I think his next project might be building a better mousetrap.

In the past, I've used Wite-Out (I'd like to know why they chose that spelling) to put my name on dark objects. Sure, it can be flaked off. But at quite an effort. That practice started after a fellow faculty member in another building told the custodian to take a chair from my room, and replace it with one of his. Like I wouldn't notice. Mine was hard blue shiny sturdy plastic. His was flexible blue textured flimsy plastic. That was the first thing I noticed when I unlocked the door. I cried shenanigans. I asked the custodian if he knew what happened, and he confessed. And brought back my chair. Which kind of upset the other dude. Because his dastardly plan was foiled. And he got stuck with his own bad chair.

Those wheels are bad seeds. I'd really like to know how they just melt into thin air. Why would somebody throw away a found wheel when he could put it in front of the faculty mailboxes for the wheel-misser to claim?

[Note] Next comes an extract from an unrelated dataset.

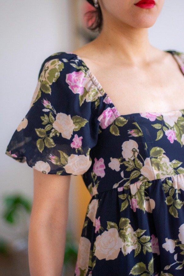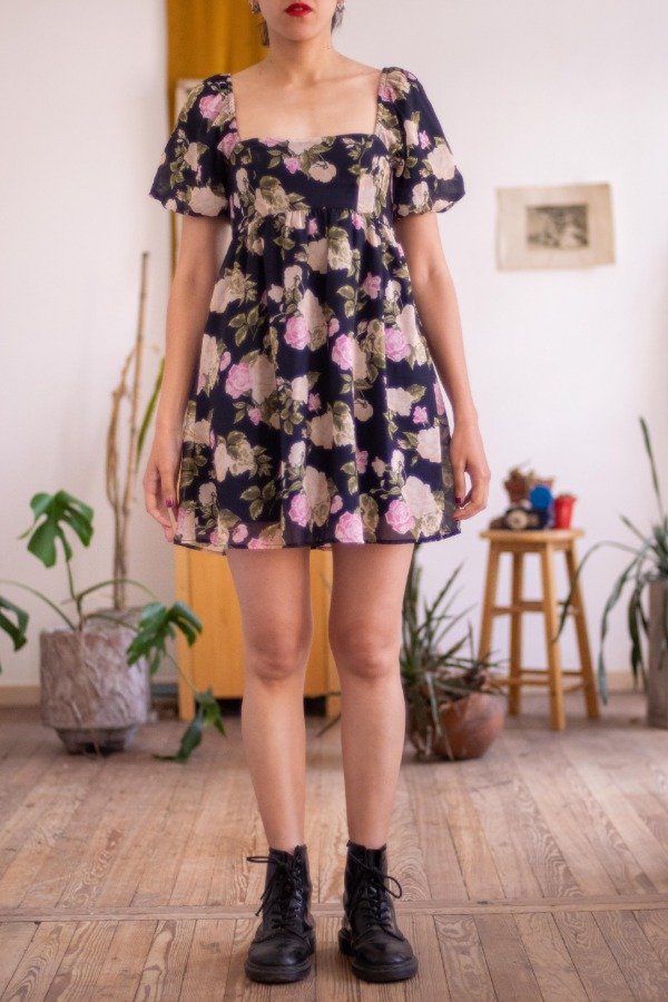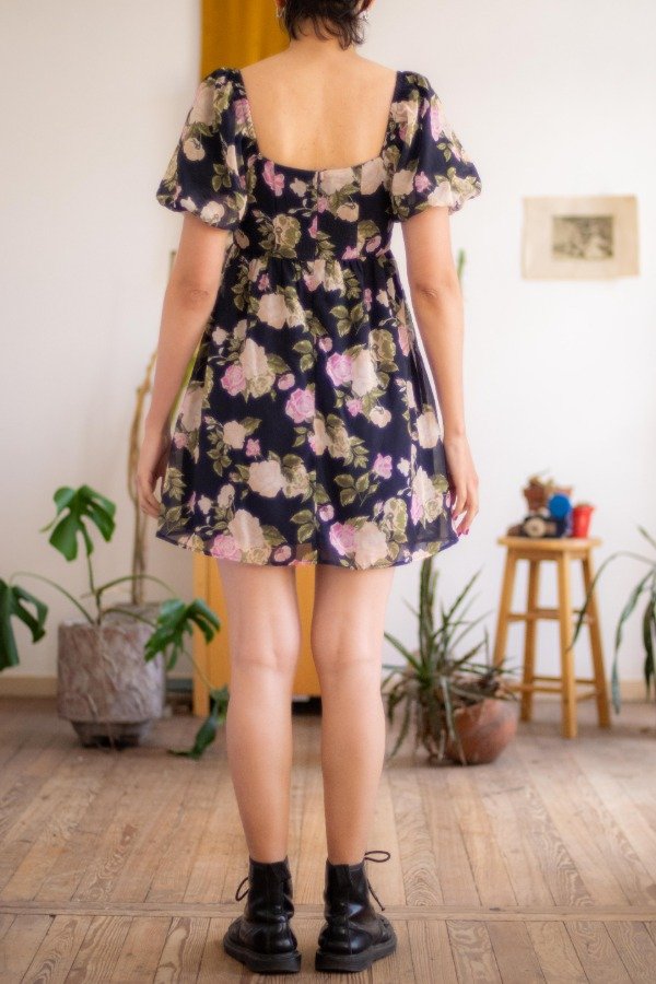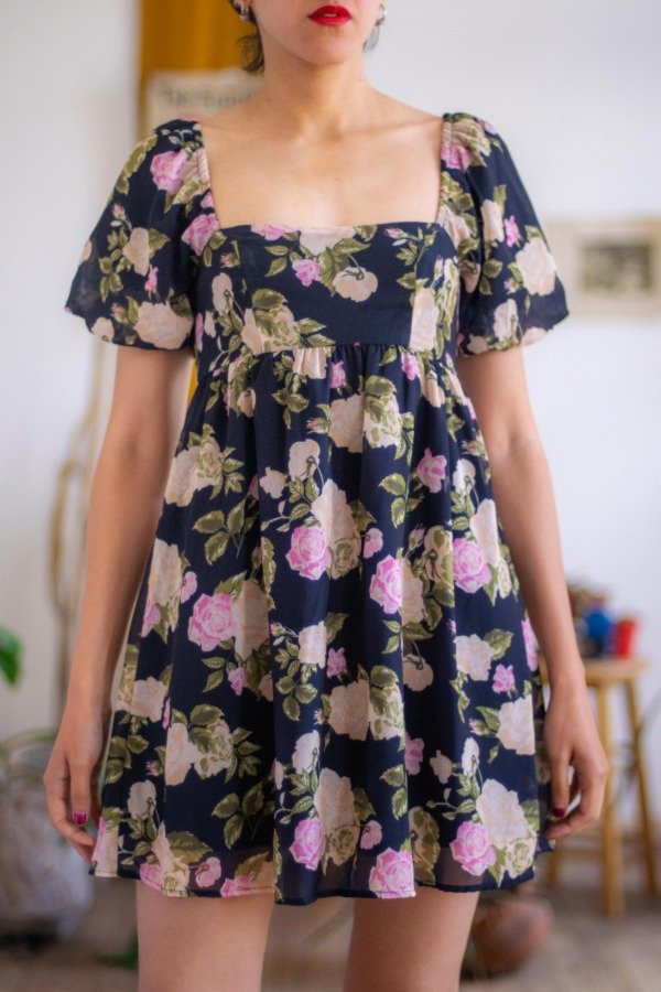 Vestido second hand de gasa azul oscura estampada. Se accede mediante cierre invisible en espalda. Tiene forro interno a tono.
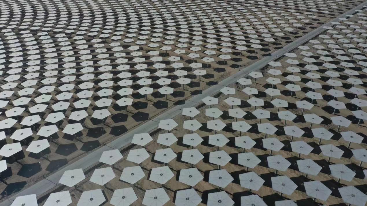一排排光伏板整齐排布,一面面定日镜逐日以待。“光热+光伏”的新能源商业模式一方面可以缓解纯光伏发电的波动性和间歇性,实现并网友好、储热连续、发电稳定;另一方面以光伏发电的收益补贴光热发电的高成本,可以实现整体平价上网。项目建成后将对加快构建酒泉新能源增长极、助推酒泉乃至全省经济高质量发展具有重要意义。

Unless...it's being held for ransom, like some wastebaskets I have known.

Right now I have two working chairs. We'll find out Monday when the entire faculty returns if my problem is truly solved. I'm not volunteering any information. It WAS in my room like it belonged. Anybody who cared about furniture would have marked the chair. In the past, some have even requisitioned fancy schmancy executive chairs, so I doubt anybody will claim this business-lab castoff. I figure Even Steven is rewarding me for my altruism the year I spent sitting on a hard student chair.